▶ **WHAT IS NEEDED**: Pictures found in the material must be left out, and every line returned as written.

(Beginning of DATA EXTRACT)

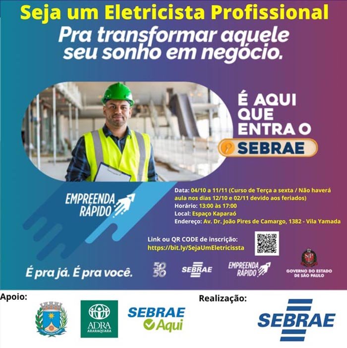 Por fim, o curso “Seja um Eletricista Profissional” é oferecido no período da tarde de 06 de outubro a 30 de novembro, com aulas no Espaço Kaparaó, das 13h às 16h. Inscrições: https://inscricao. sebraesp.com.br/produto/turma/ 22537083 .
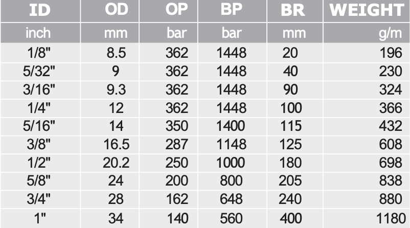 Yüksek basınç gerektiren solvent, boya vb. Solvent, boya, izosiyanat içeren sistemlerde, poliole dayanıklı poliamid alt tabaka ve poliüretan süt tabakası, aramid tekstil takviyeli, çok düşük sıcaklık koşullarına uygun.
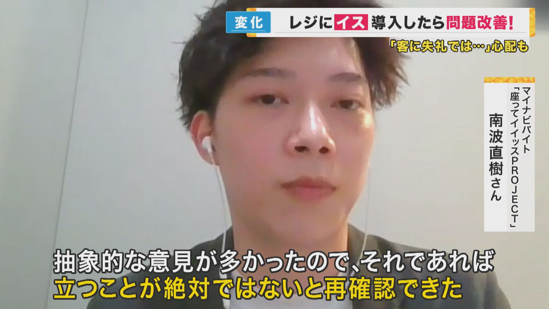 【マイナビバイト「座ってイイッスPROJECT」南波直樹さん】「海外に行った際、海外のスーパーだと座ってるのが当たり前。日本と違う部分に気づいたところが一番のきっかけ。企業などに意見を聞くと、(立ちっぱなしの)明確な理由がないことに気付いた。『なんとなく立っていたほうが、見栄えがいい』とか、『礼儀正しそうに見える』とか、抽象的な意見が多かったので、それであれば立つことが絶対ではないと再確認できた」

(End of DATA EXTRACT)

▶ **ANSWER BOX**:
 Por fim, o curso “Seja um Eletricista Profissional” é oferecido no período da tarde de 06 de outubro a 30 de novembro, com aulas no Espaço Kaparaó, das 13h às 16h. Inscrições: https://inscricao. sebraesp.com.br/produto/turma/ 22537083 .
 Yüksek basınç gerektiren solvent, boya vb. Solvent, boya, izosiyanat içeren sistemlerde, poliole dayanıklı poliamid alt tabaka ve poliüretan süt tabakası, aramid tekstil takviyeli, çok düşük sıcaklık koşullarına uygun.
 【マイナビバイト「座ってイイッスPROJECT」南波直樹さん】「海外に行った際、海外のスーパーだと座ってるのが当たり前。日本と違う部分に気づいたところが一番のきっかけ。企業などに意見を聞くと、(立ちっぱなしの)明確な理由がないことに気付いた。『なんとなく立っていたほうが、見栄えがいい』とか、『礼儀正しそうに見える』とか、抽象的な意見が多かったので、それであれば立つことが絶対ではないと再確認できた」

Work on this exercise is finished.